Coursera Data Science Capstone Project

Nikhil Prakash
May-19

  • This Application uses NLP(Natural Language Processing)for predicting next word.
  • The Capstone is a cooperation between Coursera and SwiftKey company.

Introduction:

The goal of this project is to create an application that predicts the next word in a phrase/sentence. Here we demonstrate the ability to process and analyze large volumes of unstructured text.Use text mining technique of cleaning, sampling, tokenization. And, As a final deliverable, we develop an algorithm that predicts the next word in a provided text, similar to the predictive text functions found on today's modern smart phones.

Below are the list of topic we will be discussing on the following slide:

  • Overview
  • Architecture: PredictNextWord
  • Application User Interface
  • Future possibilities & Conclusion

Overview

  • The data came from HC Corpora with three files (Blogs, News and Twitter). It was provided by the Swiftkey.
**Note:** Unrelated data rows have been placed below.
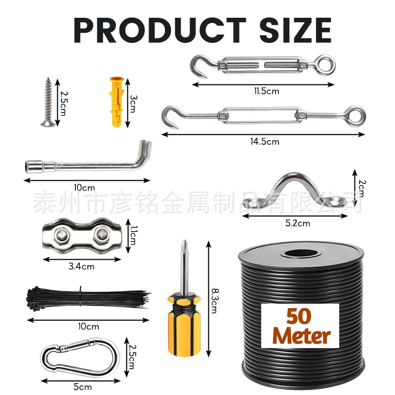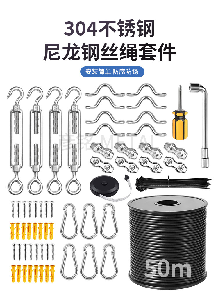 50 м 304 нержавеющий проволочный канат наружная струнная лампа черный упаковочный пластиковый кабель для крепления проволока для глаз подвеска комплект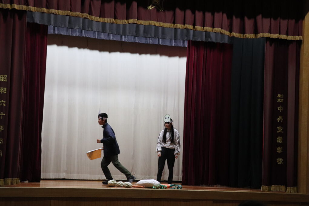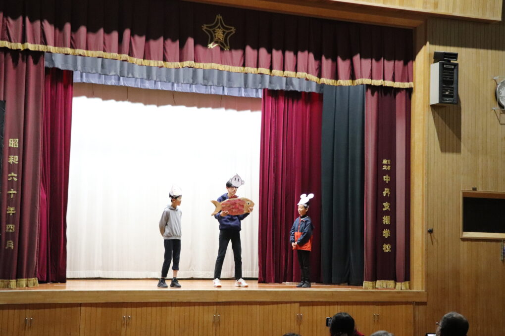 当日は多くの保護者の方等の前での発表で緊張した様子でしたが、生徒たち自身が製作してきた小道具等を使い、練習してきたとおりにそれぞれの役割を果たすことができました。本当によく頑張りましたね!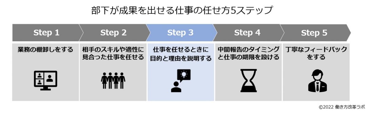 また、理由に関しては、部下や後輩のモチベーションにも関係する大切な部分です。「あなたのこういうところを信頼しているから任せた」と言葉にして伝えることで、意欲的に取り組みやすくなります。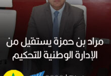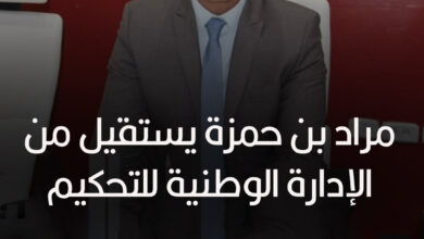 قرر صباح اليوم الحكم الدولي السابق مراد بن حمزة الاستقالة من مهامه بالادارة الوطنية للتحكيم تحت اشراف الجزائري جمال الحيمودي. وحسب مصدر مطلع فإن الحكم الدولي السابق عوّاز الطرابلسي هو…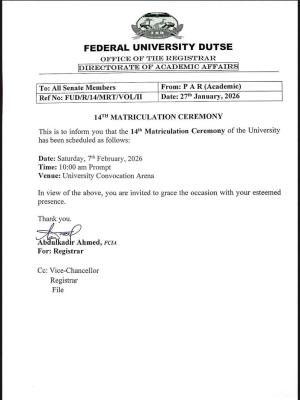 Federal University Dutse( FUDutse) is set to officially drink its newest cohort of scholars during its forthcoming 14th Matriculation Ceremony.

  • Major task involve in this project were:
    – Obtain the data, Understands the problem and then clean the data accordingly.
    – Perform Exploratory analysis.
    – Tokenization of words and apply predictive algorithm.
    – Create a interactive application using shiny.

  • NLP (N-Gram dictionary)
    – For initial exploration, data analyst need to construct a dictionary of unigram, bigrams, trigrams, and four-grams, collectively called n-grams.
    – Unigram are one word phrases, Bigrams are two word phrases, trigrams are three word phrases, and four-grams are four word phrases.
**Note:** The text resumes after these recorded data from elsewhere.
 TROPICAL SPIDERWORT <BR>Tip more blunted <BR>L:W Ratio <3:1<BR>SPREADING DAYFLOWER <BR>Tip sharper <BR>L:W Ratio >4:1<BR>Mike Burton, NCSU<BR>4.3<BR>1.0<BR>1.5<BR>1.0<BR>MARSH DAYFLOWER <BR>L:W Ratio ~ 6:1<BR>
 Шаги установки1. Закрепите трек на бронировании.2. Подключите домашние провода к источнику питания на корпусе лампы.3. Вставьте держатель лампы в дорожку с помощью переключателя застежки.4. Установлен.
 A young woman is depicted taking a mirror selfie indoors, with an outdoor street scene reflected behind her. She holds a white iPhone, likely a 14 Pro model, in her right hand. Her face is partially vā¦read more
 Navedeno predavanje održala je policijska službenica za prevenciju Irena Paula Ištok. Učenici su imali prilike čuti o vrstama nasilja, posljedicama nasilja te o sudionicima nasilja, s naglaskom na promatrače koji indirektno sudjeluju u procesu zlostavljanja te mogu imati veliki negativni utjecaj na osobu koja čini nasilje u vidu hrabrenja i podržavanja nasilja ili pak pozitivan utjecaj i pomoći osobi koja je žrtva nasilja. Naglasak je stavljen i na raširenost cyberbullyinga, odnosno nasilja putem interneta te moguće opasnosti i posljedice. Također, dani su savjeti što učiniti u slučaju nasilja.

Architecture: PredictNextWord

The application uses text documents collected from blogs, news articles, and twitter to statistically model language patterns. N-Grams were used to predict the next word.

The 'PredictNextWord' Shiny app is a basic application to present the working of prediction model. It works only for English language.

  • The user entered the word,text or sentence in the input box and press space bar to get the next most probability word to be used.
  • Next word is predicted by the model will be displayed in the right side of the application along with the type of the N-gram (Bigram, Trigram, Quadgram) used in the search.
  • N-gram type is obtained from the n-grams matrices, comparing it with tokenized frequency of 2, 3 and 4 grams sequences.
  • While entering the text, the field with the predicted next word refreshes instantaneously, and then the predicted word is provided for the user's choice.

Application User Interface

Future Possibilities & Conclusion

  • Areas of improvement:
    – UI design of the app.
    – Input data validation.
    – Increase sample size for more relevant predictions. – Feedback loop to model to learn from the earlier prediction.

  • Conclusion:
    – This project involve lot of research in data pre-processing, text modeling, NLP.
    – All the skills gain throughout entire lifecycle of this specialization were used in this project.
    – Entire specialization was very fun to learn and required ton of research which definitely increase my level of knowledge.